→ How to complete this task: Everything in the data below is left aside except the lines from the one containing "Facilitati camere: internet" through the one containing "Di seguito il"; repeat those exactly.

→ Given data:
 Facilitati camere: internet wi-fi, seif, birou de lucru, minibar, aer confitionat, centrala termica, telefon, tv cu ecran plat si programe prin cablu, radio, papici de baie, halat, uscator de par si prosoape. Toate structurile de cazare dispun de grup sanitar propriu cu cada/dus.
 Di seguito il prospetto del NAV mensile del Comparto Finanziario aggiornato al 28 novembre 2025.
...
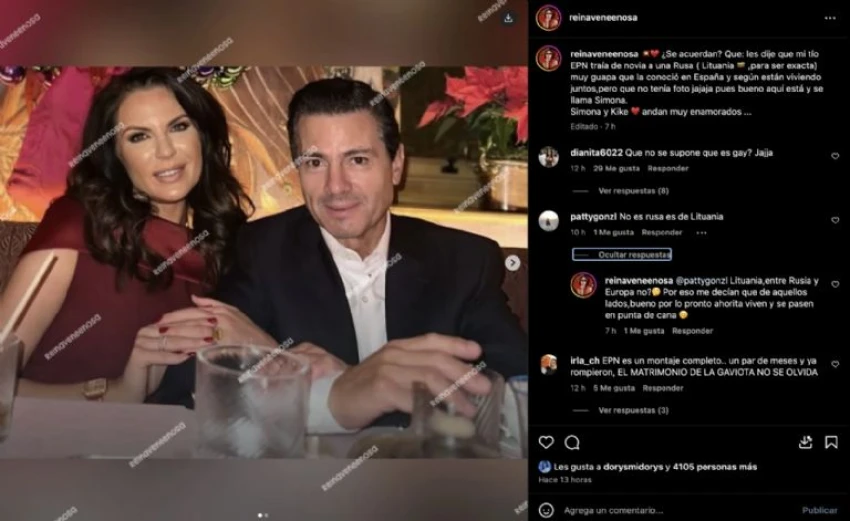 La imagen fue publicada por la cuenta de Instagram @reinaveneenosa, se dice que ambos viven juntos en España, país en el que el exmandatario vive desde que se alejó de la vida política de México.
---
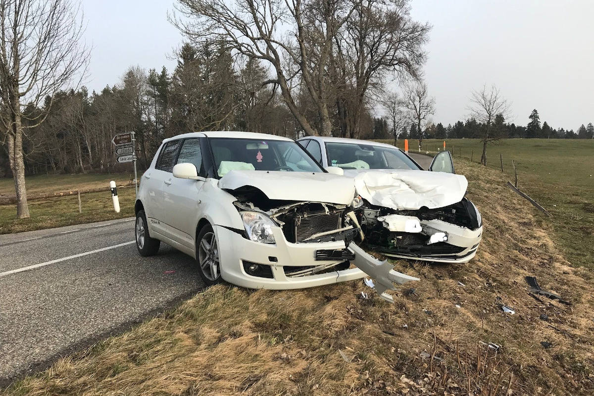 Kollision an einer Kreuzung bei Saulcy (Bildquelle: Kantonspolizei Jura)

→ Written answer:
 Facilitati camere: internet wi-fi, seif, birou de lucru, minibar, aer confitionat, centrala termica, telefon, tv cu ecran plat si programe prin cablu, radio, papici de baie, halat, uscator de par si prosoape. Toate structurile de cazare dispun de grup sanitar propriu cu cada/dus.
 Di seguito il prospetto del NAV mensile del Comparto Finanziario aggiornato al 28 novembre 2025.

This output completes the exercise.